Stored data:
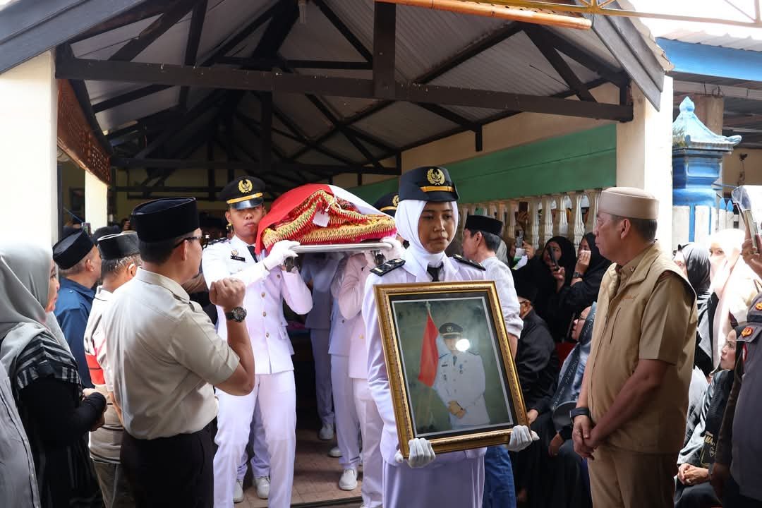 Prosesi berlangsung penuh haru, dihadiri oleh keluarga, kolega, serta jajaran pemerintah daerah yang turut memberikan penghormatan terakhir kepada almarhum.
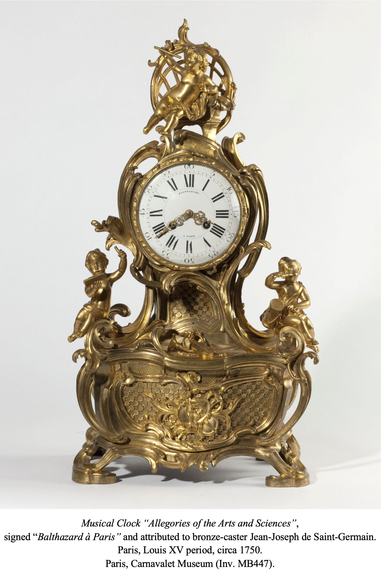 Le dessin particulièrement élaboré de cette pendule nous permet de la faire figurer parmi les modèles d’horloges rocailles les plus aboutis du règne de Louis XV. Sa composition fut créée vers le milieu du XVIIIe siècle par le célèbre bronzier parisien Jean-Joseph de Saint-Germain (1719-1791), puis décliné, avec certaines variantes, dans son atelier pendant près d’une décennie. De nos jours, parmi les quelques rares autres pendules répertoriées de ce type, mentionnons particulièrement : un premier exemplaire, signé Gille l’aîné, qui se trouvait anciennement dans la célèbre collection Alexander dispersée aux enchères en 1999 (voir H. Ottomeyer et P. Pröschel, Vergoldete Bronzen, Band I, Munich, 1986, p.126) ; un deuxième, le cadran de Léchopié, a fait partie des collections Arnold Seligman (vente à Paris, Galerie Charpentier, les 4-5 juin 1935, lot 127) ; deux modèles, l’un signé Balthazar, l’autre Jacques Panier, sont illustrés dans Tardy, La pendule française, 1er Partie : De l’horloge gothique à la pendule Louis XV, Paris, 1967, p.165 ; enfin, citons une dernière pendule de ce type, signée « Balthazard à Paris », qui est exposée dans le Salon Louis XV du Musée Carnavalet à Paris (Inv. MB447, et reproduite dans A. Forray-Carlier, Le mobilier du musée Carnavalet, Dijon, Editions Faton, 2000, p.12).
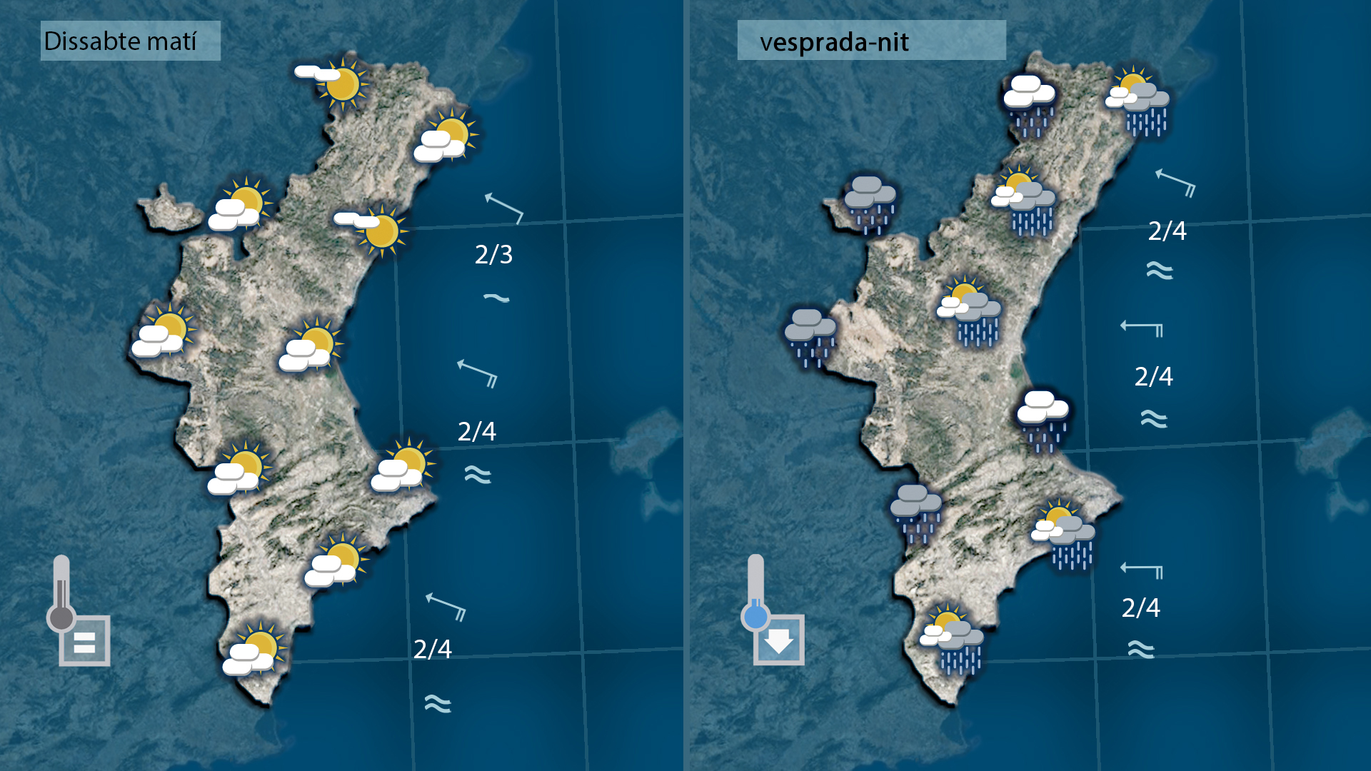Demà dissabte notarem com comencen a baixar le stemperatures i com augmenta la nuvolositat amb el pas de les hores. Mé sol d ematí que d evesprad ai més núvols i plugims de cara a la nit i matinada amb temperatures més baixes. en alguns observatris les temperatures quedaran fins a 10 graus més baixes.

Exercise directions:
Every line of the material must be repeated exactly; pictures stay out.

Answer to the problem:
 Prosesi berlangsung penuh haru, dihadiri oleh keluarga, kolega, serta jajaran pemerintah daerah yang turut memberikan penghormatan terakhir kepada almarhum.
 Le dessin particulièrement élaboré de cette pendule nous permet de la faire figurer parmi les modèles d’horloges rocailles les plus aboutis du règne de Louis XV. Sa composition fut créée vers le milieu du XVIIIe siècle par le célèbre bronzier parisien Jean-Joseph de Saint-Germain (1719-1791), puis décliné, avec certaines variantes, dans son atelier pendant près d’une décennie. De nos jours, parmi les quelques rares autres pendules répertoriées de ce type, mentionnons particulièrement : un premier exemplaire, signé Gille l’aîné, qui se trouvait anciennement dans la célèbre collection Alexander dispersée aux enchères en 1999 (voir H. Ottomeyer et P. Pröschel, Vergoldete Bronzen, Band I, Munich, 1986, p.126) ; un deuxième, le cadran de Léchopié, a fait partie des collections Arnold Seligman (vente à Paris, Galerie Charpentier, les 4-5 juin 1935, lot 127) ; deux modèles, l’un signé Balthazar, l’autre Jacques Panier, sont illustrés dans Tardy, La pendule française, 1er Partie : De l’horloge gothique à la pendule Louis XV, Paris, 1967, p.165 ; enfin, citons une dernière pendule de ce type, signée « Balthazard à Paris », qui est exposée dans le Salon Louis XV du Musée Carnavalet à Paris (Inv. MB447, et reproduite dans A. Forray-Carlier, Le mobilier du musée Carnavalet, Dijon, Editions Faton, 2000, p.12).
Demà dissabte notarem com comencen a baixar le stemperatures i com augmenta la nuvolositat amb el pas de les hores. Mé sol d ematí que d evesprad ai més núvols i plugims de cara a la nit i matinada amb temperatures més baixes. en alguns observatris les temperatures quedaran fins a 10 graus més baixes.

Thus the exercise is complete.